Regex (spaced for better understanding):
(?:
\$\{
(?P<braced>
[_a-zA-Z][a-zA-Z0-9]*(?::[_a-zA-Z][_a-zA-Z0-9]*)+
)
\}
)
| ### SECOND ALTERNATION ###
(?:
\$
(?P<named>
[_a-zA-Z][a-zA-Z0-9]*(?::[_a-zA-Z][_a-zA-Z0-9]*)+
)
)
Test String:
asdasd $asd:sd + ${asd123:asd} $HOME $$asd
Matched stuff:
asdasd $asd:sd + ${asd123:asd} $HOME $$asd
According to the regex pattern above, the first alternation should also appear, namely:
${asd123:asd}
It seems I don't quite get the alternation pattern?
In order to capture ${...}
, you need to remove ?:
to turn non-capturing groups into capturing ones.
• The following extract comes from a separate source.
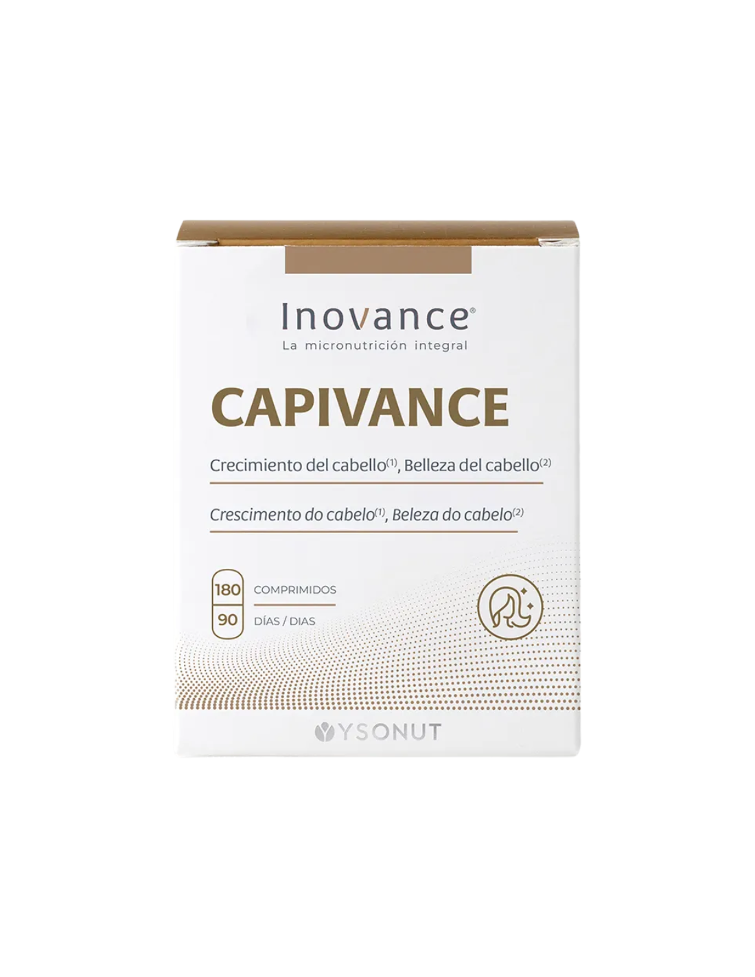 Inovance Capivance Comprimidos es un complemento alimenticio premium formulado para fortalecer la estructura capilar y ungueal, reducir la caída y mejorar el crecimiento desde el interior. Contribuye al mantenimiento normal del cabello y las uñas, protegiendo contra el estrés oxidativo y favoreciendo la síntesis de queratina. Ideal para personas con cabello débil, quebradizo o uñas frágiles debido a estrés, dietas o cambios hormonales, ofrece resultados visibles en fuerza, brillo y resistencia tras meses de uso. Este suplemento capilar se integra fácilmente en rutinas diarias para un cabello voluminoso y uñas saludables, con alta tolerancia y pureza certificada.
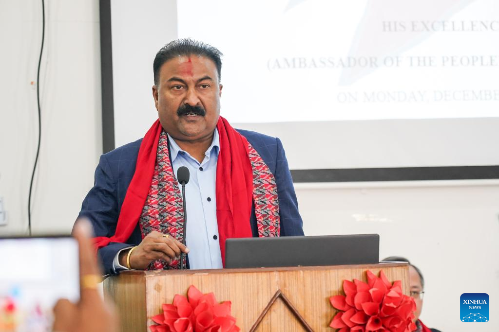 Raj Kumar Gupta, Nepal's minister for federal affairs and general administration, speaks at the inauguration ceremony of a traditional Chinese medicine (TCM) international diagnosis and treatment center in Kathmandu, Nepal, Dec. 23, 2024. (Photo by Hari Maharjan/Xinhua)

You can make them named as well. Also [_a-zA-Z0-9] is equal to \w, thus we can shorten your regex a bit:
(?P<Alternation1>
\$\{(?P<braced>[_a-zA-Z][a-zA-Z0-9]*(?::[_a-zA-Z]\w*)+)
\}
)
|
(?P<Alternation2>
\$(?P<named>[_a-zA-Z][a-zA-Z0-9]*(?::[_a-zA-Z]\w*)+
)
)
Have a look at the demo. This regex requires the use of x
option (and g
options on regex101.com to show all matches, in Python, you'd use findall
or finditer
).
More information about non-capturing groups is available on SO and at regular-expressions.info.
To just get all matches in Python, you can use finditer
like this:
import re
p = re.compile(ur'''(?P<Alternation1>
\$\{(?P<braced>[_a-zA-Z][a-zA-Z0-9]*(?::[_a-zA-Z]\w*)+)
\}
)
|
(?P<Alternation2>
\$(?P<named>[_a-zA-Z][a-zA-Z0-9]*(?::[_a-zA-Z]\w*)+
)
)
''', re.VERBOSE)
test_str = u"asdasd $asd:sd + ${asd123:asd} $HOME $$asd"
print [x for x in re.findall(p, test_str)]
See IDEONE demo